- Born: 21 October 1874 Scarborough, North Yorkshire
- Died: 24 July 1942 (aged 67) London
- Occupation: Architect
- Spouse: Mary Emily Welburn
- Awards: Royal Gold Medal
- Practice: Russell & Cooper (c. 1900–1912) Wills & Cooper (1918–1942)
- Buildings: 10 Trinity Square

= Edwin Cooper (architect) =

English architect

Sir Thomas Edwin Cooper (21 October 1874 – 24 July 1942) was an English architect. His work has been described as "essentially Classical, and sometimes powerfully Baroque."

== Personal life ==

Cooper was born in Scarborough, North Yorkshire, the son of Samuel Cooper, a local carriage proprietor. He married Mary Emily Welburn in 1898.

== Career ==

Cooper's mother recognised his interest in buildings and talent in drawing them, and at a young age was apprenticed to local architects John Hall and Frank Tugwell from 1885 to 1889. Cooper subsequently worked as an assistant for Walter Green Penty, Demaine and Brierley, and Goldie, Child and Goldie. In 1893, he returned to Scarborough to re-join John Hall, and along with Herbert Davis, formed Hall, Cooper and Davis.

The firm opened a London office in 1895, but Cooper continued to work independently as well. Cooper was particularly adept at winning competitions, and several of his commissions, including the Royal Star and Garter Home, Hull's Guildhall and Lloyd's were derived in this way. In the early 1900s Cooper entered into partnership with Samuel Bridgman Russell, however this partnership ended in 1912. Cooper entered into partnership with Herbert Winkler Wills and John Anderson from 1918.

Cooper went on to design Marylebone Town Hall and Library, the headquarters of the Port of London Authority (at 10 Trinity Square) and the offices of Lloyd's, Leadenhall Street. He also designed the war memorial at Cranleigh School in 1921 and subsequently the substantial Connaught Block and Devonport Speech Hall (1930).

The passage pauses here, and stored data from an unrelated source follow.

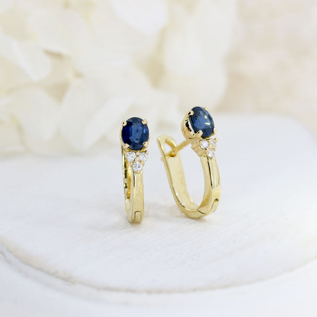 Pre Owned 18ct Yellow Gold Sapphire & Diamond Huggie Earrings
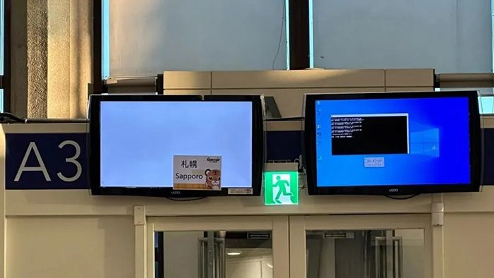▲跳电导致桃园国际机场屏幕故障,无法显示航班资讯。(图/台北《联合报》)
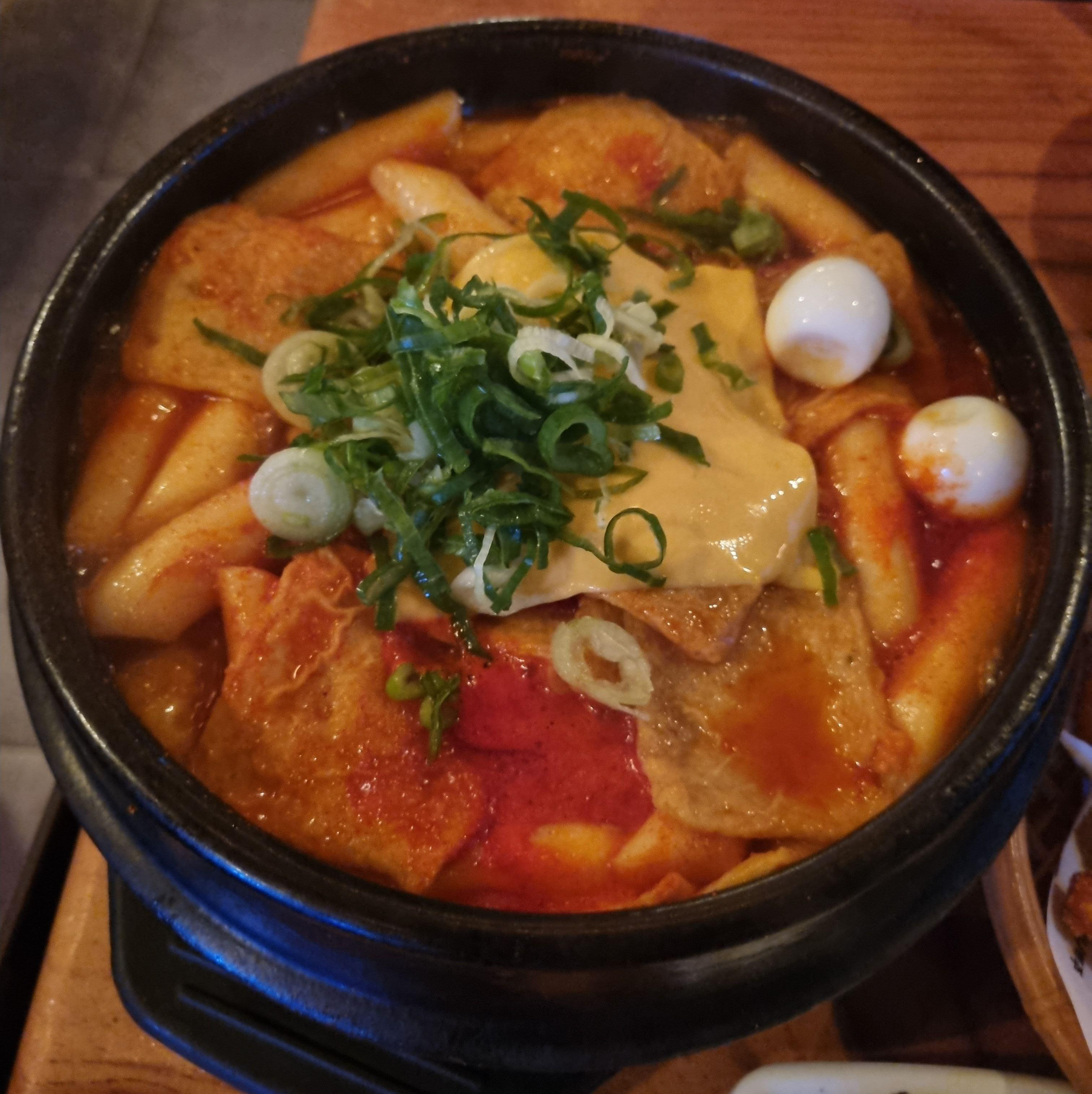뜨겁게 달궈진 뚝배기 안에 떡과 어묵이 푸짐하게 들어있고,
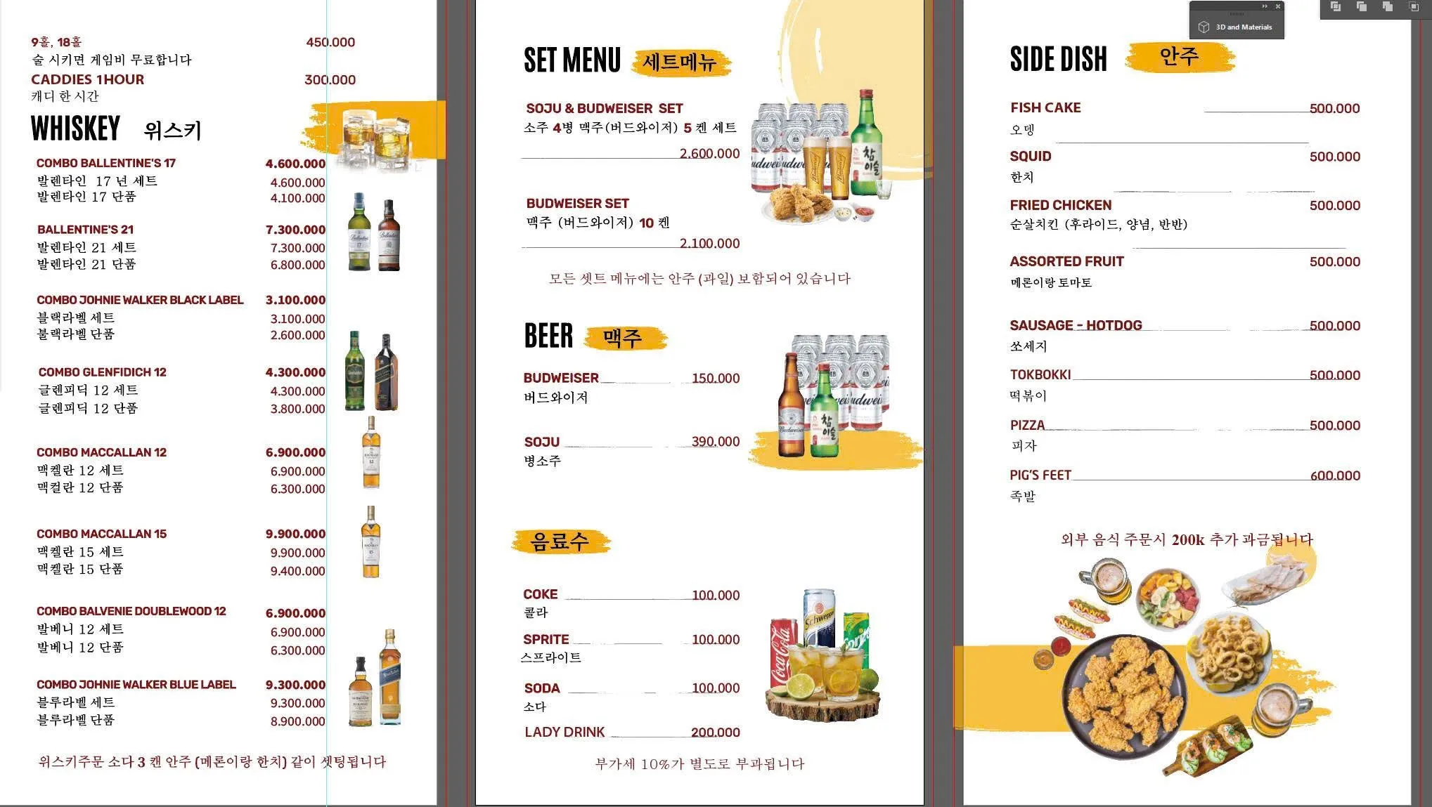 | 소주세트 | 소주4병+맥주5캔+과일 | 2,600,000VND |
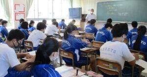 問題の読み取りのポイントや考え方を聞き、次に生かそうと集中しています。
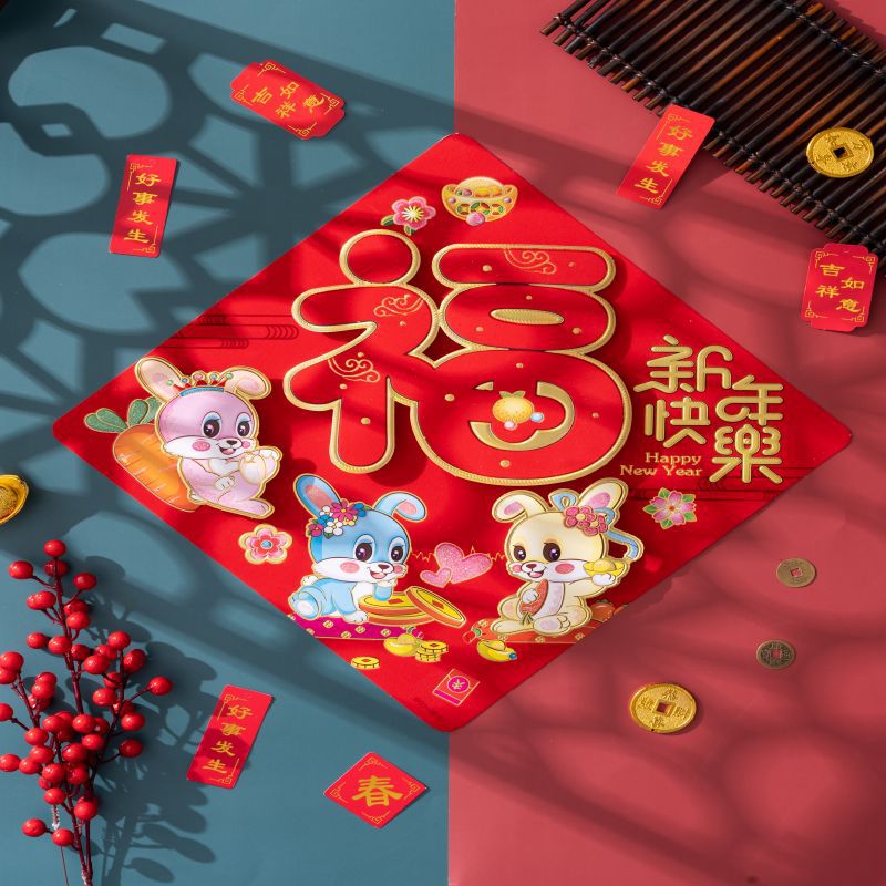 立体福字贴室内家用婚庆结婚节门贴装饰品大门绒布乔迁2023兔年
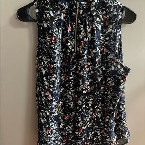 This elegant sleeveless blouse from White House Black Market features a sophisticated mandarin collar and a striking black and blue color palette. The lightweight fabric drapes beautifully, making it a versatile addition to any wardrobe. Perfect for both casual and formal occasions, this top is a must-have for a chic and polished look.
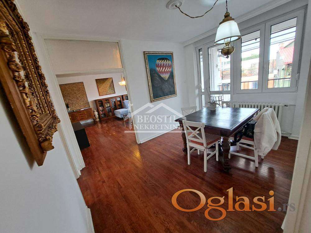 Izdaje se predivan 4.0 stan u srcu Vračara, namešten, dvostran, sunčan, sa dve terase, blizina Kalenić pijace. Odmah useljiv.
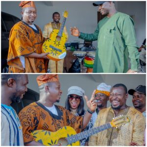 Clou de la cérémonie : la remise solennelle d’une guitare symbolique au Ministre, en signe de reconnaissance et de fraternité artistique. Un acte fort, porteur d’un message d’unité et d’espoir pour l’avenir des musiques traditionnelles guinéennes.
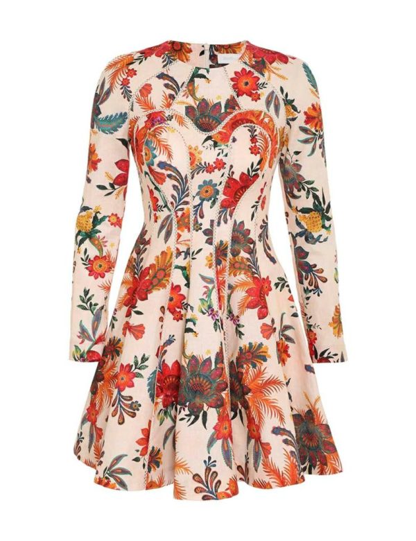 The Ginger Fit & Flare Mini Dress in Ivory Floral from our Summer Swim 2023 Collection. A linen mini dress featuring long sleeves and crochet insert trims throughout.
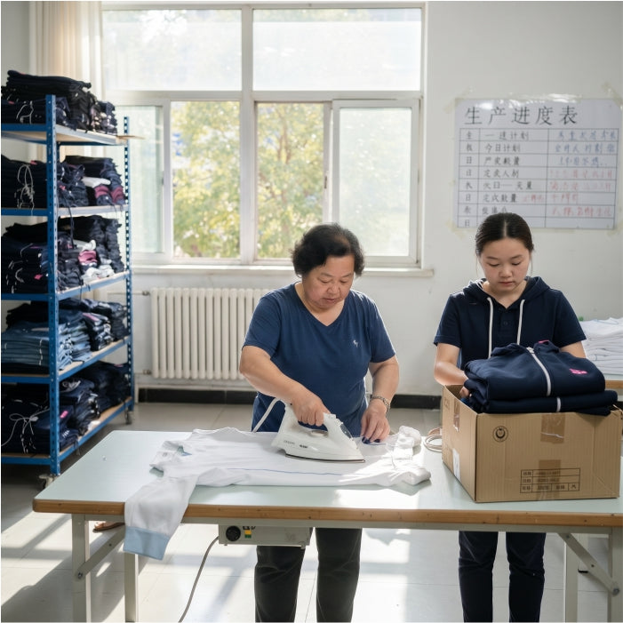 Care labels, size tags, and logos are applied to maintain branding consistency and compliance with industry standards. - Packing and Labeling
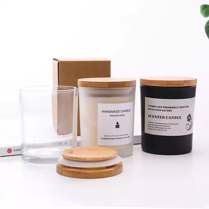 wholesale empty matte frosted white black clear glass candle jars with wooden lids for candle making |
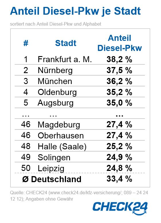 Anteil Diesel-Pkw je Stadt / Bild: "obs/CHECK24 GmbH"

Cooper was elected a Fellow of the Royal Institute of British Architects in 1903, and was knighted for his work in 1923. On 24 April 1930 Cooper was elected an Associate Member of the Royal Academy of Arts and on 22 April 1937 he was elected a Royal Academician. In 1931 he received further distinction when he was awarded the Royal Gold Medal for architecture by the Royal Institute of British Architects. Cooper was a member of the Council of the Royal Academy of Arts from 1938 to 1939 and from 1941 to 1942. Cooper was made Treasurer of the Royal Academy of Arts on 5 December 1940.

He died of a heart attack on 24 June 1942, whilst at work in London as the Treasurer of the Royal Academy of Arts.